Not sure this is the right thread for it, seeing as it isn't a slingshot but an ammo pouch.

I have a Wilkins pellet pouch that I have been using to hold ammo, however all of that rattling is quite loud! So I bought myself some felt and adhesive spray. After some careful measureing and cutting, I sprayed all of the felt pieces and stuck them inside the pouch. Because the leather is so hard it stuck quite well. Once it was all finished I can't believe how much it reduced the noise! I was impressed and thought someone else might be interested in doing the same.

In the picture the felt is black.
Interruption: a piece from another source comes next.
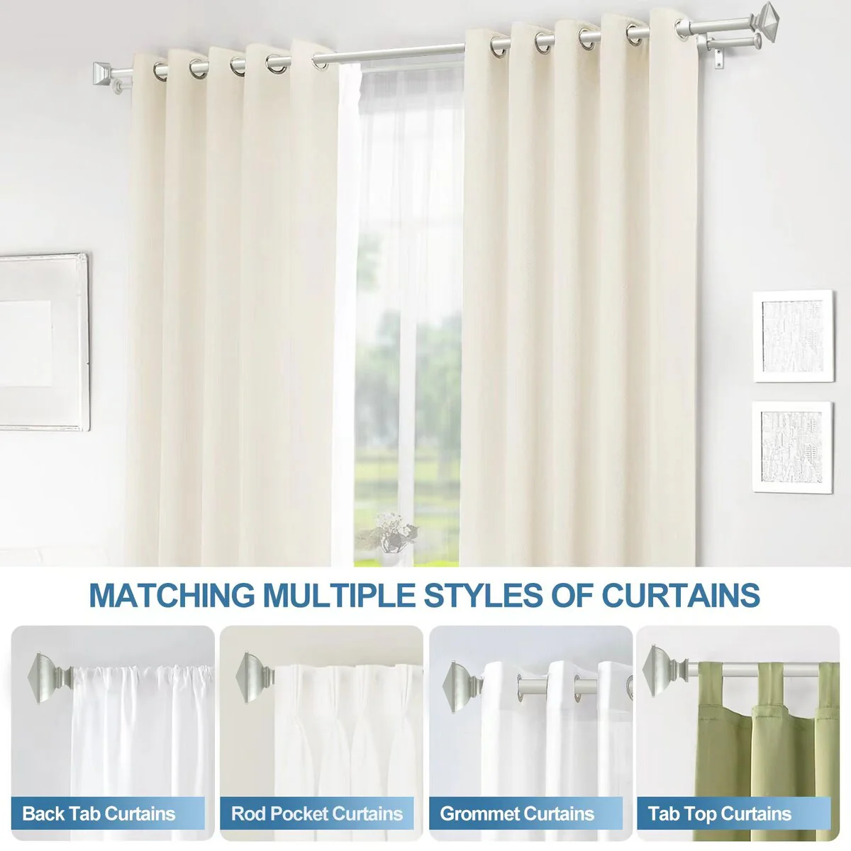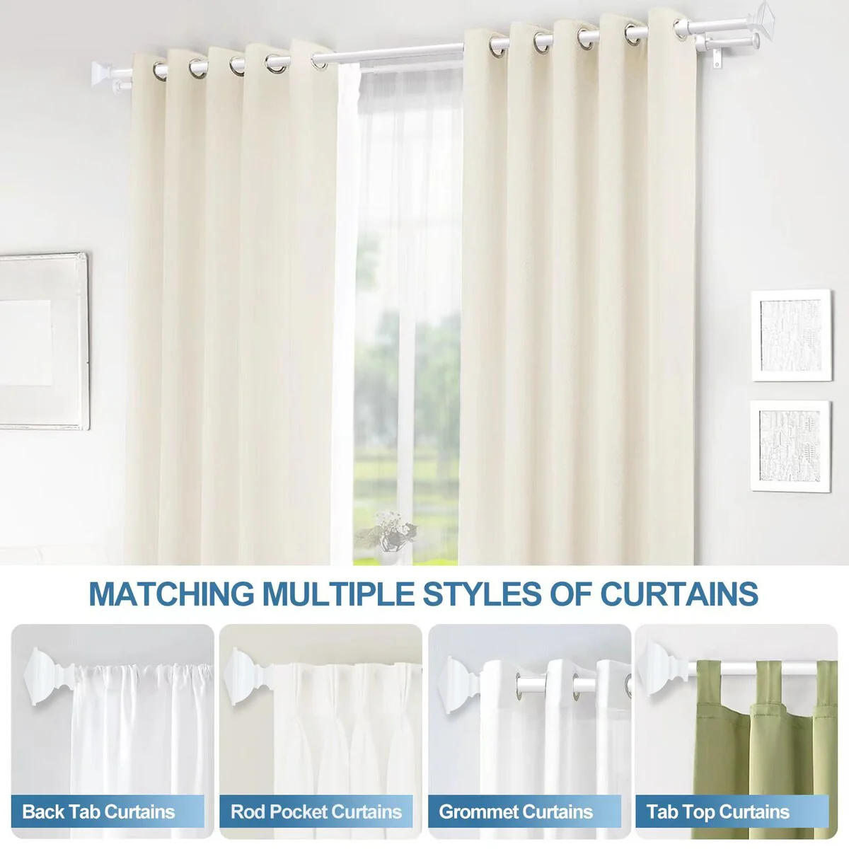 - ADJUSTABLE CURTAIN ROD: Double Curtain Rod features 2 telescopic drapery rods that extend to fit a variety of sized windows and supports light to medium weight curtains
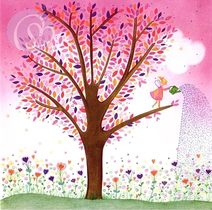 Postkarte Elfe gießt Blumenwiese[TCLH-50-213]Quadratische Postkarte ~ mit Glimmerlack

Looks classy but doesn't "pop" well for photos.

Cheers,

JT


----------



## Pawpawsailor (Jun 8, 2012)

Love the modification... I may do the same on mine...


----------



## Thistle (Jan 4, 2013)

These are so cool! I didn't know about them. I couldn't tell by looking at your pic, so I looked up Wilkins Pellet Pouch. I am sooo jazzed again. :bouncy:

These come in an assortment of colors and sizes, and prices are very reasonable. You can used them for all sorts of great stuff. *I want one!*

Thanks JT for showing this! Terrific modification idea.


----------



## FWV2 (Mar 10, 2013)

I like too! where do you get them?

Fwv2


----------



## Thistle (Jan 4, 2013)

FWV2 said:


> I like too! where do you get them?
> 
> Fwv2


It looks like the UK. But you can contact them and ask who in the US stocks their pouches.

*Wilkins Pouches*
[email protected]
www.twitter.com/wilkinspouches
01423 527 700


----------



## JTizzle (Apr 14, 2013)

I actually just ordered it right off the site. It shipped super quick. Only 3-4 days to get to me.

Cheers,
Jt


----------



## Thistle (Jan 4, 2013)

Wow. That's good to know. Thanks, JT!


----------